Exercise directions
Copy exactly the lines of the records below, and only those lines, beginning with the line that contains "大型井式退火爐尺寸規格:(盡供參考,具體有用戶提供尺寸)" and ending with the line that contains "for CH1and CH2".

--- Supplied entries Enclosed Below ---

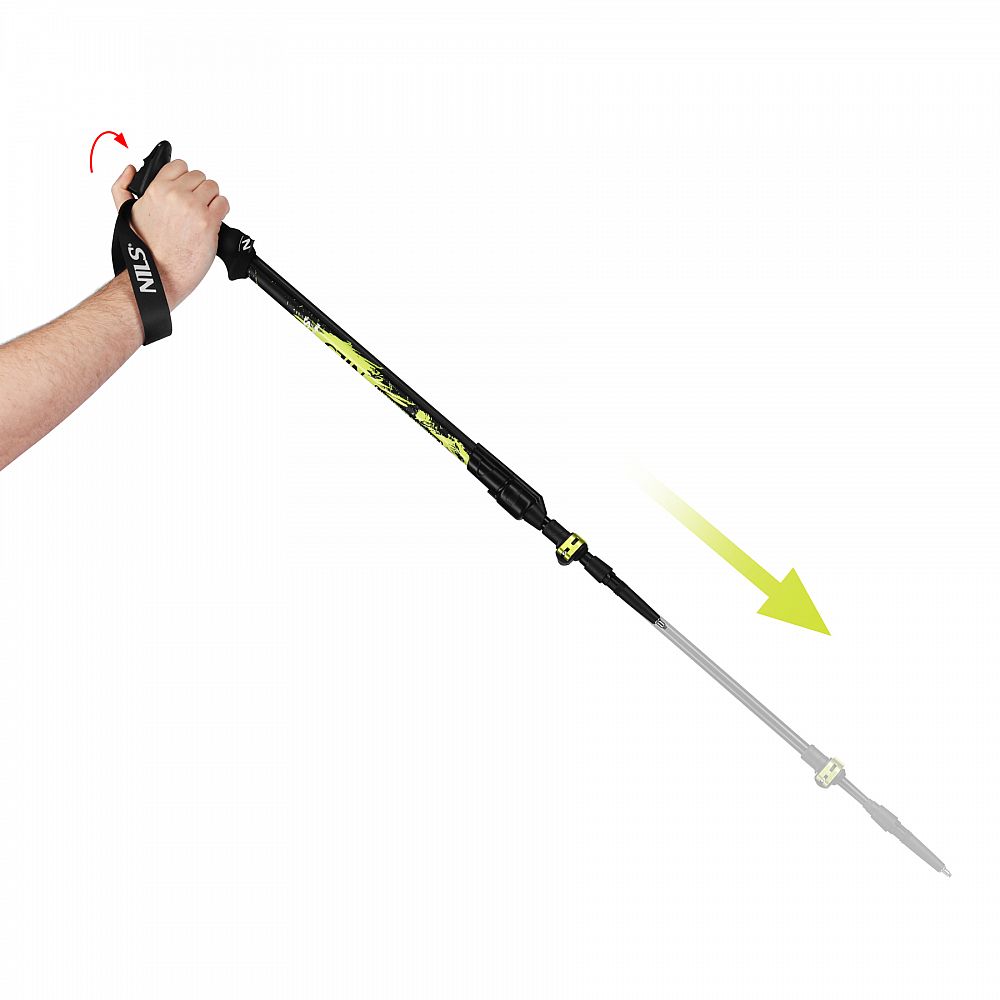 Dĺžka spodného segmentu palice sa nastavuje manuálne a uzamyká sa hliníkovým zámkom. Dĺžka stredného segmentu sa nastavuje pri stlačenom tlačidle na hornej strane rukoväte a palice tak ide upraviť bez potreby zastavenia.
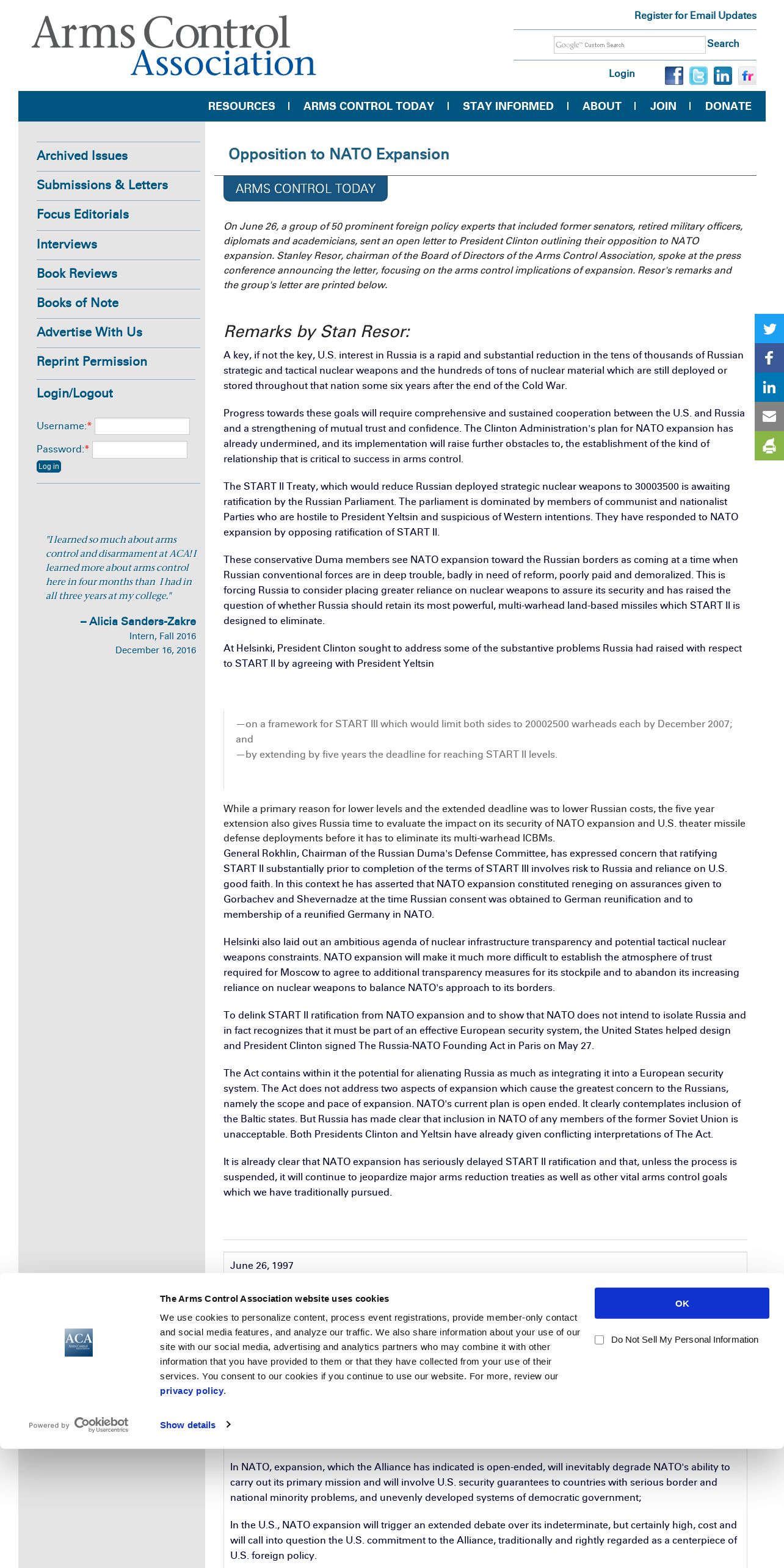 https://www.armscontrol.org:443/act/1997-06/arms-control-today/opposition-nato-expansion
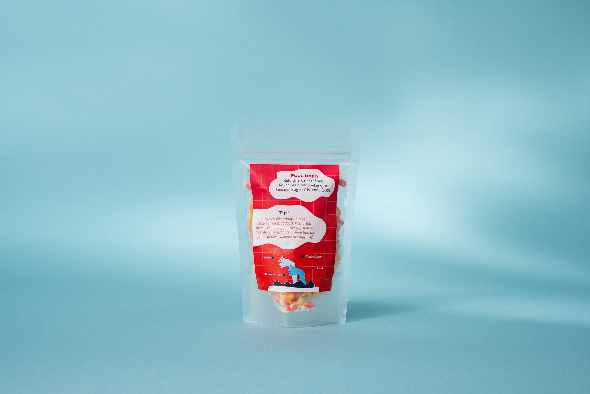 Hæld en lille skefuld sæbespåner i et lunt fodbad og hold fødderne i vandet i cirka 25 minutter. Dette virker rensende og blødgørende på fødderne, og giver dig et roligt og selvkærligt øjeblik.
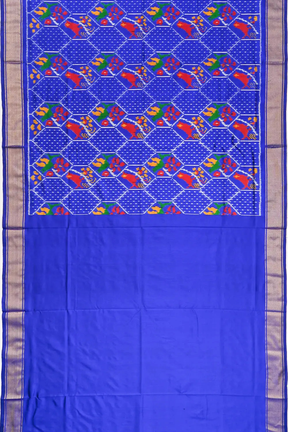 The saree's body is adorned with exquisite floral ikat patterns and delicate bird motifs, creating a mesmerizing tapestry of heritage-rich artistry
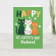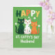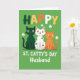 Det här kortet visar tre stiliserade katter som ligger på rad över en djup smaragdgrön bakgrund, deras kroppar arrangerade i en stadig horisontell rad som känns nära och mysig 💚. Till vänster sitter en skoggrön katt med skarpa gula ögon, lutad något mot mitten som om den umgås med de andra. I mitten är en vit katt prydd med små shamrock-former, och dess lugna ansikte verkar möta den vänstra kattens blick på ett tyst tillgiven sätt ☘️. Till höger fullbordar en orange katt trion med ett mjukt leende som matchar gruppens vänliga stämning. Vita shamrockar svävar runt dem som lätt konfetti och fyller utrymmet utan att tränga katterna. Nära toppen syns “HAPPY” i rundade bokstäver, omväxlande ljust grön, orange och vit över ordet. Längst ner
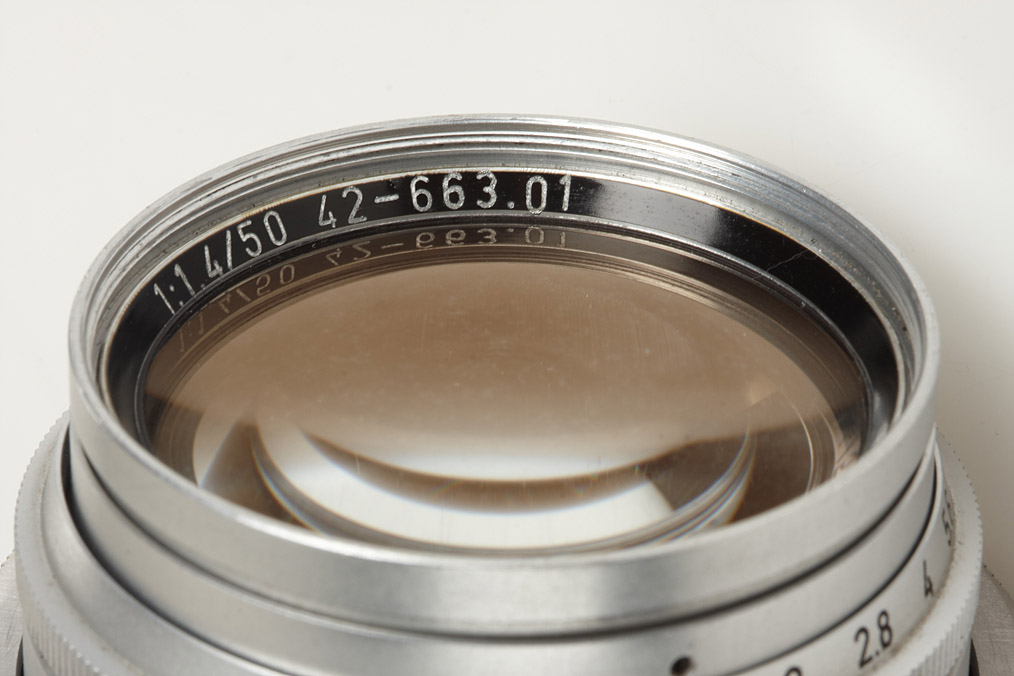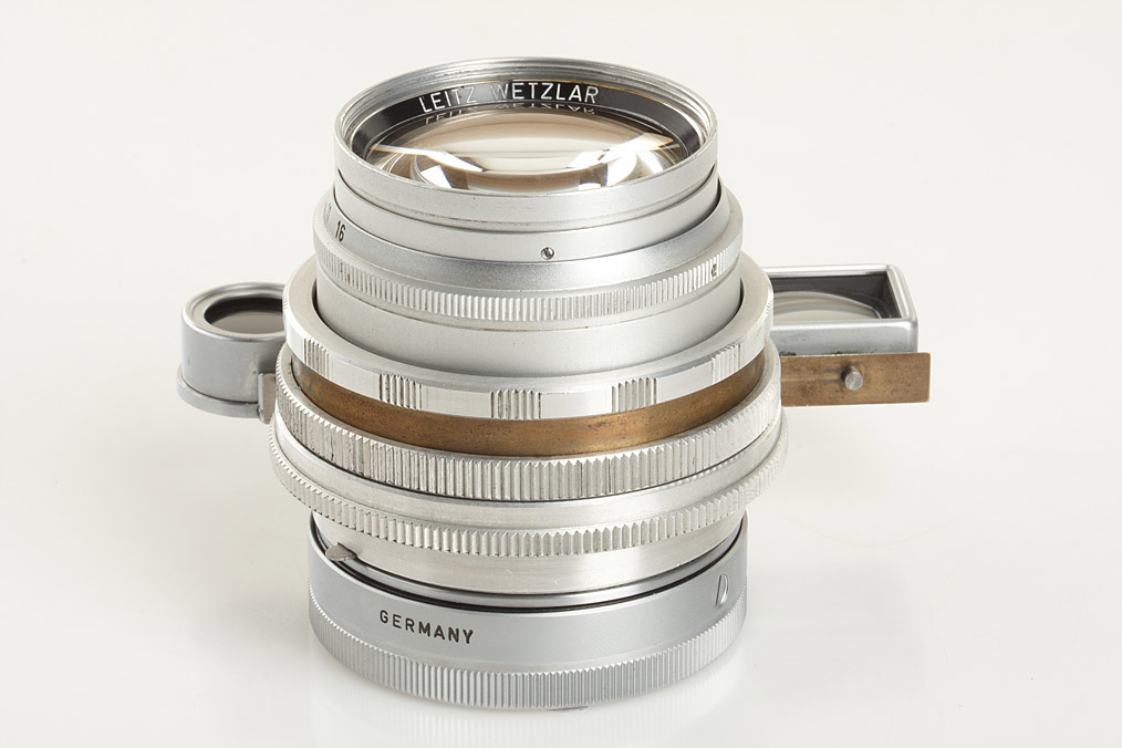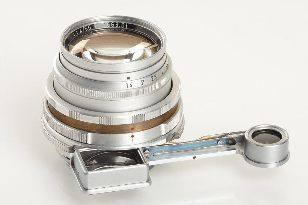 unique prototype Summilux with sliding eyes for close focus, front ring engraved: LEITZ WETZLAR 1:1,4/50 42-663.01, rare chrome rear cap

--- End of Enclosed Supplied entries ---
--- Supplied entries Enclosed Below ---

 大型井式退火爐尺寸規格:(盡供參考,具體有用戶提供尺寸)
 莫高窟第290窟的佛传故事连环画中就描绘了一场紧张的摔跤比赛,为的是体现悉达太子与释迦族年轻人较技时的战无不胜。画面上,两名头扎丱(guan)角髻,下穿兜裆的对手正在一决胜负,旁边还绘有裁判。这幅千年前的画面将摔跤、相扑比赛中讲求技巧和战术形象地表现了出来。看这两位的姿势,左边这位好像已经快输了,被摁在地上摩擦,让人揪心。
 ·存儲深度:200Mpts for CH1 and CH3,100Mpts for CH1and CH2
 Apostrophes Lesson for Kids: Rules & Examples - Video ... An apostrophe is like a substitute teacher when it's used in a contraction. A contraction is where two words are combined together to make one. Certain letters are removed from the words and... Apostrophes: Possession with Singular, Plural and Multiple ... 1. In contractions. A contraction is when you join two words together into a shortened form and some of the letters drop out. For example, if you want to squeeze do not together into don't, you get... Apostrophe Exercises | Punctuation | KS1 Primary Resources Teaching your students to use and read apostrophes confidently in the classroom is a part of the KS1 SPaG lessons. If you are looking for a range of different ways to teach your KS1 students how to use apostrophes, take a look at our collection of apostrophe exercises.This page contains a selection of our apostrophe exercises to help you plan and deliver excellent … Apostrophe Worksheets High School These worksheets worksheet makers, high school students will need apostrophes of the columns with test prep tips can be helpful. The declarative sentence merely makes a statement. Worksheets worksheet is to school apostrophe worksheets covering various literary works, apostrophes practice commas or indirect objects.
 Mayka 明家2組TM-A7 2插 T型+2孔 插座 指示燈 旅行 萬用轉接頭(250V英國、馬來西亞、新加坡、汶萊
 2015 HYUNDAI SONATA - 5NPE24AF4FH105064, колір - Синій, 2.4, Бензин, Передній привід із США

--- End of Enclosed Supplied entries ---
--- Supplied entries Enclosed Below ---

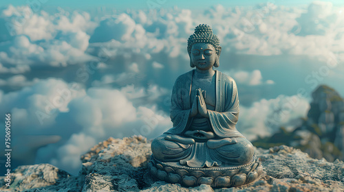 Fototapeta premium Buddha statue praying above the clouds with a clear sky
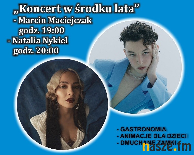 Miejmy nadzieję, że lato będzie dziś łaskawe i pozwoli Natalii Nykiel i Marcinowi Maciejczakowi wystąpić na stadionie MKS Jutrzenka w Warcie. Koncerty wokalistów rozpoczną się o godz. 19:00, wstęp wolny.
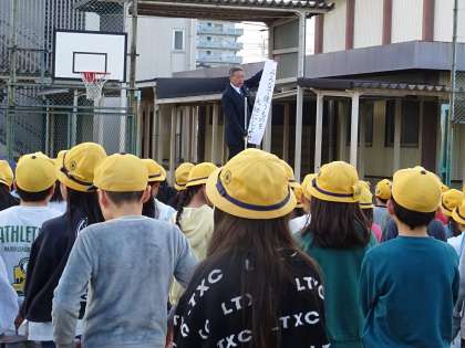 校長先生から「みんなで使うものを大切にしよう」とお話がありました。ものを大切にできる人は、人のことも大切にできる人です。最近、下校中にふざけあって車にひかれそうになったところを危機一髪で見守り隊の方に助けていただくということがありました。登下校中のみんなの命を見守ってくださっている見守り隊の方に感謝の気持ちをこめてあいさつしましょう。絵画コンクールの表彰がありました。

--- End of Enclosed Supplied entries ---

Written solution
 大型井式退火爐尺寸規格:(盡供參考,具體有用戶提供尺寸)
 莫高窟第290窟的佛传故事连环画中就描绘了一场紧张的摔跤比赛,为的是体现悉达太子与释迦族年轻人较技时的战无不胜。画面上,两名头扎丱(guan)角髻,下穿兜裆的对手正在一决胜负,旁边还绘有裁判。这幅千年前的画面将摔跤、相扑比赛中讲求技巧和战术形象地表现了出来。看这两位的姿势,左边这位好像已经快输了,被摁在地上摩擦,让人揪心。
 ·存儲深度:200Mpts for CH1 and CH3,100Mpts for CH1and CH2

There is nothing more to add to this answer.